[Start of Attachment]

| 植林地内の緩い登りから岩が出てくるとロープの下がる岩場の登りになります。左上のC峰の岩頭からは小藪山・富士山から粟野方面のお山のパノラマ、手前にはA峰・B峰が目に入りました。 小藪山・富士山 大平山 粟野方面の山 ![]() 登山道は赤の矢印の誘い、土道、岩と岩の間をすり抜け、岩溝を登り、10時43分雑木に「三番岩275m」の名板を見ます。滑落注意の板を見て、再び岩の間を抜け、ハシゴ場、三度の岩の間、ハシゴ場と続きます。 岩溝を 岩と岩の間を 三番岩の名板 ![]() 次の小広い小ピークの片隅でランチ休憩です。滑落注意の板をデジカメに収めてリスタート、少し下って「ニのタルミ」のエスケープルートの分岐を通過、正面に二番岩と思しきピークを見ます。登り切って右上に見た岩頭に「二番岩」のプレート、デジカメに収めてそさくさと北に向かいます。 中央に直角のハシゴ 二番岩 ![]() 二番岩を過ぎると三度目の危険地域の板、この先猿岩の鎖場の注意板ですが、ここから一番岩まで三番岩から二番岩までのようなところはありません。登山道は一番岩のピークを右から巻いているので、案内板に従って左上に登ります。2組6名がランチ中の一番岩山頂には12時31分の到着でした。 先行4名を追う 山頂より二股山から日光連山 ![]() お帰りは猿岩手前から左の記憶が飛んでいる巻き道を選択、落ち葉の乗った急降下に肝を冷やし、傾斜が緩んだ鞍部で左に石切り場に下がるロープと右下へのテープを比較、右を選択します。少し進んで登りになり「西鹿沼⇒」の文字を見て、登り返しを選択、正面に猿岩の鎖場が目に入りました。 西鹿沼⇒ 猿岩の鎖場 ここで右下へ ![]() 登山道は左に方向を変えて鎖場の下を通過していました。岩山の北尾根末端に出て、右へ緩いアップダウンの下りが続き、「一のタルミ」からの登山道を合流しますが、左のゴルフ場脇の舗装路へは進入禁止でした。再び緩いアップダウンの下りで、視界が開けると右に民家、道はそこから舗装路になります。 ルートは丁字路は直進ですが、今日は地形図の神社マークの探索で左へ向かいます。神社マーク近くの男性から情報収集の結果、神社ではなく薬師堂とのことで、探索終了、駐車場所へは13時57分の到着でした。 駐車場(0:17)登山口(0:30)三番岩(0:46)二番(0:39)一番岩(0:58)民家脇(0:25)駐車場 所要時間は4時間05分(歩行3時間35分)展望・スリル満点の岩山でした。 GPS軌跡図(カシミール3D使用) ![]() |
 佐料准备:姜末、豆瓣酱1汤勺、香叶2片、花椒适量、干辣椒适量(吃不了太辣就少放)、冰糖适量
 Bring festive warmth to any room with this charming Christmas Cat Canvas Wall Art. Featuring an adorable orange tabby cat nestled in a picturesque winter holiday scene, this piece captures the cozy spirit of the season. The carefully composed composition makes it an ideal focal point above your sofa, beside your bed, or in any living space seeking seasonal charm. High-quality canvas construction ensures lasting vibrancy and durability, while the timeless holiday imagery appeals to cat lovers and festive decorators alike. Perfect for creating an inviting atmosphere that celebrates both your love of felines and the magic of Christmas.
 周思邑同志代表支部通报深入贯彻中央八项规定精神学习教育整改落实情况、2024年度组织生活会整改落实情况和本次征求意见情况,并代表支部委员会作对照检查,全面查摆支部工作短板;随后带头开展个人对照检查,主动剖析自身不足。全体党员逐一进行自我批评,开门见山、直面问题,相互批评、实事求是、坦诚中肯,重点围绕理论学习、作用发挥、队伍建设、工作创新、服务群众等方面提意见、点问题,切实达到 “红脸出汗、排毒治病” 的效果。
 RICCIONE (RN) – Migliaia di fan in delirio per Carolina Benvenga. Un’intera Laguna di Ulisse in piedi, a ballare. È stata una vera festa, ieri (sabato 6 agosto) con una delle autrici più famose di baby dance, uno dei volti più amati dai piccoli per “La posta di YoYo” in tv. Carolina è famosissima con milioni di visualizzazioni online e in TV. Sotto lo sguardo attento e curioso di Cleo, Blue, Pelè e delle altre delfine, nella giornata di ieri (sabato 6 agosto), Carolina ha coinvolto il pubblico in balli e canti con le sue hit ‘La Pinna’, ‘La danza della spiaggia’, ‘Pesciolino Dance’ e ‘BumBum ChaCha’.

[End of Attachment]

#### INSTRUCTIONS TO FOLLOW
Transcribe all of the material without omitting a line.

#### OUTPUT OF THE TASK
| 植林地内の緩い登りから岩が出てくるとロープの下がる岩場の登りになります。左上のC峰の岩頭からは小藪山・富士山から粟野方面のお山のパノラマ、手前にはA峰・B峰が目に入りました。 小藪山・富士山 大平山 粟野方面の山 ![]() 登山道は赤の矢印の誘い、土道、岩と岩の間をすり抜け、岩溝を登り、10時43分雑木に「三番岩275m」の名板を見ます。滑落注意の板を見て、再び岩の間を抜け、ハシゴ場、三度の岩の間、ハシゴ場と続きます。 岩溝を 岩と岩の間を 三番岩の名板 ![]() 次の小広い小ピークの片隅でランチ休憩です。滑落注意の板をデジカメに収めてリスタート、少し下って「ニのタルミ」のエスケープルートの分岐を通過、正面に二番岩と思しきピークを見ます。登り切って右上に見た岩頭に「二番岩」のプレート、デジカメに収めてそさくさと北に向かいます。 中央に直角のハシゴ 二番岩 ![]() 二番岩を過ぎると三度目の危険地域の板、この先猿岩の鎖場の注意板ですが、ここから一番岩まで三番岩から二番岩までのようなところはありません。登山道は一番岩のピークを右から巻いているので、案内板に従って左上に登ります。2組6名がランチ中の一番岩山頂には12時31分の到着でした。 先行4名を追う 山頂より二股山から日光連山 ![]() お帰りは猿岩手前から左の記憶が飛んでいる巻き道を選択、落ち葉の乗った急降下に肝を冷やし、傾斜が緩んだ鞍部で左に石切り場に下がるロープと右下へのテープを比較、右を選択します。少し進んで登りになり「西鹿沼⇒」の文字を見て、登り返しを選択、正面に猿岩の鎖場が目に入りました。 西鹿沼⇒ 猿岩の鎖場 ここで右下へ ![]() 登山道は左に方向を変えて鎖場の下を通過していました。岩山の北尾根末端に出て、右へ緩いアップダウンの下りが続き、「一のタルミ」からの登山道を合流しますが、左のゴルフ場脇の舗装路へは進入禁止でした。再び緩いアップダウンの下りで、視界が開けると右に民家、道はそこから舗装路になります。 ルートは丁字路は直進ですが、今日は地形図の神社マークの探索で左へ向かいます。神社マーク近くの男性から情報収集の結果、神社ではなく薬師堂とのことで、探索終了、駐車場所へは13時57分の到着でした。 駐車場(0:17)登山口(0:30)三番岩(0:46)二番(0:39)一番岩(0:58)民家脇(0:25)駐車場 所要時間は4時間05分(歩行3時間35分)展望・スリル満点の岩山でした。 GPS軌跡図(カシミール3D使用) ![]() |
 佐料准备:姜末、豆瓣酱1汤勺、香叶2片、花椒适量、干辣椒适量(吃不了太辣就少放)、冰糖适量
 Bring festive warmth to any room with this charming Christmas Cat Canvas Wall Art. Featuring an adorable orange tabby cat nestled in a picturesque winter holiday scene, this piece captures the cozy spirit of the season. The carefully composed composition makes it an ideal focal point above your sofa, beside your bed, or in any living space seeking seasonal charm. High-quality canvas construction ensures lasting vibrancy and durability, while the timeless holiday imagery appeals to cat lovers and festive decorators alike. Perfect for creating an inviting atmosphere that celebrates both your love of felines and the magic of Christmas.
 周思邑同志代表支部通报深入贯彻中央八项规定精神学习教育整改落实情况、2024年度组织生活会整改落实情况和本次征求意见情况,并代表支部委员会作对照检查,全面查摆支部工作短板;随后带头开展个人对照检查,主动剖析自身不足。全体党员逐一进行自我批评,开门见山、直面问题,相互批评、实事求是、坦诚中肯,重点围绕理论学习、作用发挥、队伍建设、工作创新、服务群众等方面提意见、点问题,切实达到 “红脸出汗、排毒治病” 的效果。
 RICCIONE (RN) – Migliaia di fan in delirio per Carolina Benvenga. Un’intera Laguna di Ulisse in piedi, a ballare. È stata una vera festa, ieri (sabato 6 agosto) con una delle autrici più famose di baby dance, uno dei volti più amati dai piccoli per “La posta di YoYo” in tv. Carolina è famosissima con milioni di visualizzazioni online e in TV. Sotto lo sguardo attento e curioso di Cleo, Blue, Pelè e delle altre delfine, nella giornata di ieri (sabato 6 agosto), Carolina ha coinvolto il pubblico in balli e canti con le sue hit ‘La Pinna’, ‘La danza della spiaggia’, ‘Pesciolino Dance’ e ‘BumBum ChaCha’.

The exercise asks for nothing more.